In 1989, the group changed their name to Black Box and began working on their first album. They added French Caribbean model Katrin Quinol to the lineup as the group's frontwoman. Quinol's contribution was to lip sync songs in music videos and during televised performances. In July 1989, Black Box released their single "Ride on Time". The song became an international hit, reaching number one in three countries, including the UK, where it became the UK's best-selling single of 1989, selling over 1.5 million copies worldwide. In November 1989, they released the single "Grand Piano" under the alias Mixmaster. The song peaked at number nine on the UK Singles chart. In December 1989, they released the follow-up single "I Don't Know Anybody Else". The song became an international top-ten hit and gave the group their first number-one song on Billboard's Dance chart. In March 1990, they released their fourth single, "Everybody Everybody". Like its predecessors, the song also became an international hit and earned the group their second number one on the Dance chart.

In May 1990, they released their debut album Dreamland. Despite its moderate performance on the charts, the album became certified gold in the United Kingdom and United States and peaked at number one in the Australian chart.
In late 1990, the album's fourth single, "Fantasy", a cover of the 1978 hit by Earth, Wind & Fire, peaked at number five on the UK Singles chart and became certified silver in the United Kingdom.

In February 1991, "Strike It Up" was released as the album's fifth single. The song became another international top-ten hit for the group and earned them their third number-one single on the Dance chart. The album's final singles "Open Your Eyes" and "Hold On" performed moderately well on the charts. In the same year, Black Box released a re-issue of "Ride on Time" called "Bright on Time". Quinol, who did not contribute vocally or musically to the group's music, left Black Box in late 1991 after the band became the subject of a media backlash involving lip-syncing scandals and lawsuits.

===1993–1999: Positive Vibration and lineup changes===
In 1993, Black Box added American singer Charvoni Woodson to the lineup. They released the single "Rockin' to the Music", which performed poorly on the charts.
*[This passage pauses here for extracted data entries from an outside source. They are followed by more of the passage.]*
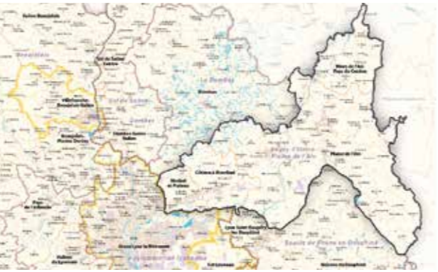
Situation du territoire du BUCOPA sur la carte de l'administration territoriale de l'aire métropolitaine Lyon Saint-Etienne

La réunion s'est conclue sur la volonté partagée de poursuivre une co-construction du projet de territoire. La révision du PLU intégrera les orientations du SCOT révisé, afin d'accompagner un développement harmonieux, respectueux du cadre de vie et des particularités de Neyron.
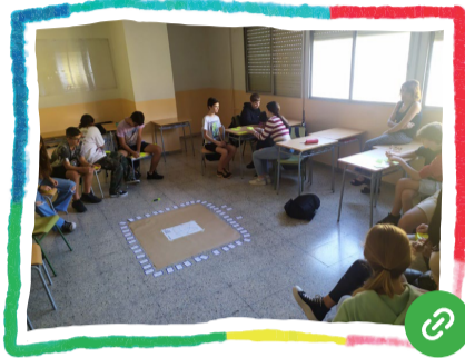
De-unitats a COM-unitats
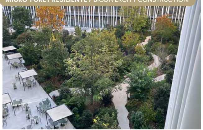
Immeuble de bureaux, Île-de-France (confidentiel). Labellisé "Conception et Consolidation" - © AIA Life Designers.

In 1995, Black Box released their second album, Positive Vibration, which failed to chart or rise to the same level of success as their previous record. The album spawned the singles "Not Anyone" and "A Positive Vibration", both of which fared well on the charts. In 1997, the album was re-issued with three additional singles: "I Got the Vibration", "Native New Yorker", and "Fall into My Love".

In April 1998, Black Box released a compilation album, Strike It Up: The Best of Black Box. In June 1998, they released another compilation, Hits & Mixes. In 1999, a maxi single of remixes for "Bright on Time" was exclusively released in France.

===2003–present===
Woodson continued touring and performing as the lead vocalist of the group periodically until 2015. That year, Celestine Walcott-Gordon began performing live as the new lead vocalist. In 2018, the group released the single "Everyone Will Follow", featuring vocals by Walcott-Gordon.

==Lip-syncing scandals and lawsuits==
In 1990, American singer Loleatta Holloway and American producer Dan Hartman sued Black Box for copyright infringement and unauthorized sampling. "Ride on Time" sampled Holloway's 1980 song "Love Sensation", which was written and produced by Hartman. Neither Holloway nor Hartman were consulted for permission to sample the song, and Black Box failed to credit Holloway's vocals in the song. Additionally, Black Box had used Quinol to lip-sync Holloway's vocals in the music video for "Ride on Time", which led the public to believe Quinol was the actual singer. Holloway and Hartman eventually received an undisclosed out-of-court settlement. As a result, Black Box re-issued "Ride on Time", removing Holloway's vocals and featuring newly recorded vocals by English singer Heather Small. The group still retained the original version on their re-issued album Dreamland and added Holloway's name as the featured vocalist on "Ride on Time" as well as giving Hartman songwriting credits. Black Box would later issue another new version of the song called "Bright on Time" in 1991.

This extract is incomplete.